As far as BofA is concerned I am the same customer if I have a US address or a Mexican one. BUT - we have been with them since 1989. They do have these silly tiers based on how much you have on deposit. We have a checking account that earns pennies a month. We have a money market account which earns perhaps dimes. I could purchase a CD but considering the current rates, why bother. 

With my Mexican address on file I tried to open a brokerage account with Merrill (which would have been linked to my BofA accounts). They would not let me do that. I therefore have less money on deposit with BofA (lower tier). It now earns quarters at Schwab.


----------



## lagoloo (Apr 12, 2011)

The OP stated that the problem was *A NEW MEXICAN LAW* forbidding the sending of those cards to Mexico. Clear enough?


----------



## Stevenjb (Dec 10, 2017)

I wonder if Mexican customs is screening mail for fraud and money laundering - ie, envelopes containing 'envelops' with negotiable items and bank cards. 

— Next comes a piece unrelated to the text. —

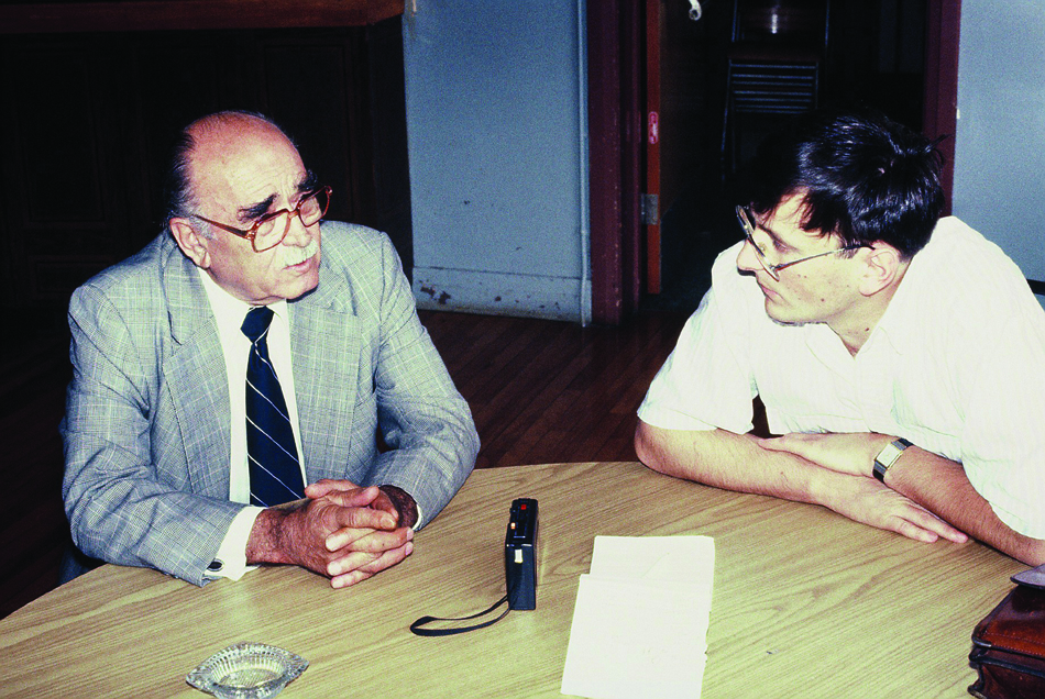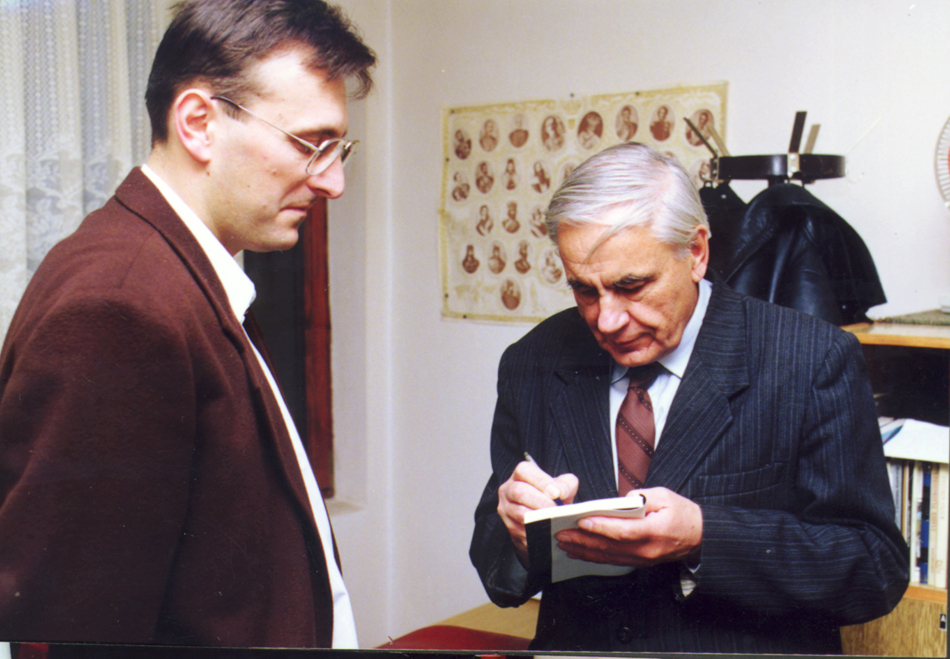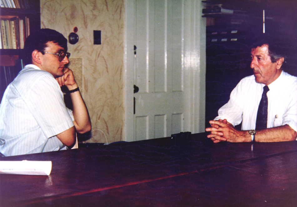 - У редакцији ”Погледа”, негде око 1998. Мијалко Перишић из Косјерића, четник Пожешког корпуса, и Милослав Самарџић

My thought is if the bank could send the card directly then it may clear customs.


----------



## lat19n (Aug 19, 2017)

lagoloo said:


> The OP stated that the problem was *A NEW MEXICAN LAW* forbidding the sending of those cards to Mexico. Clear enough?


Do I sense an attitude ? 

Could you kindly post a reference to this new Mexican law. Thanks a bunch !


----------



## lagoloo (Apr 12, 2011)

The only attitude involved here is a strong suggestion that people READ the OP before posting answers that don't address the question raised.

It would be helpful if the OP would give us a reference to that new law. I'm not affected as yet since I have cards in hand, but could well have problems in the future. My U.S. bank has my Mexican address and sends anything to my house.


----------



## Isla Verde (Oct 19, 2011)

Last night I spoke to my friend in Philly whose address I use for BoA purposes. She told me that when she mailed my card to me, she had to indicate what was in the envelope she was sending and that she indicated it contained a debit card. She has no idea if the law referred by the person she dealt with in the DHL office is a new one.


----------



## lat19n (Aug 19, 2017)

Well then - might it be fair to assume that there is no such new Mexican law until we have firm evidence of such a law ? As far as I understood - Isla has a friend in Philly who had a conversation with a DHL employee, who claimed there is a new law. Hmmm. 

To be honest - I have an issue with the title of this thread - seems a little sensational/unfounded to me (personally). 

But - you are correct. The only post that should be present on this thread is Isla's original post - since apparently she is the only person who has had this problem and apparently there is no one else who has had success in receiving such a card in the mail recently. 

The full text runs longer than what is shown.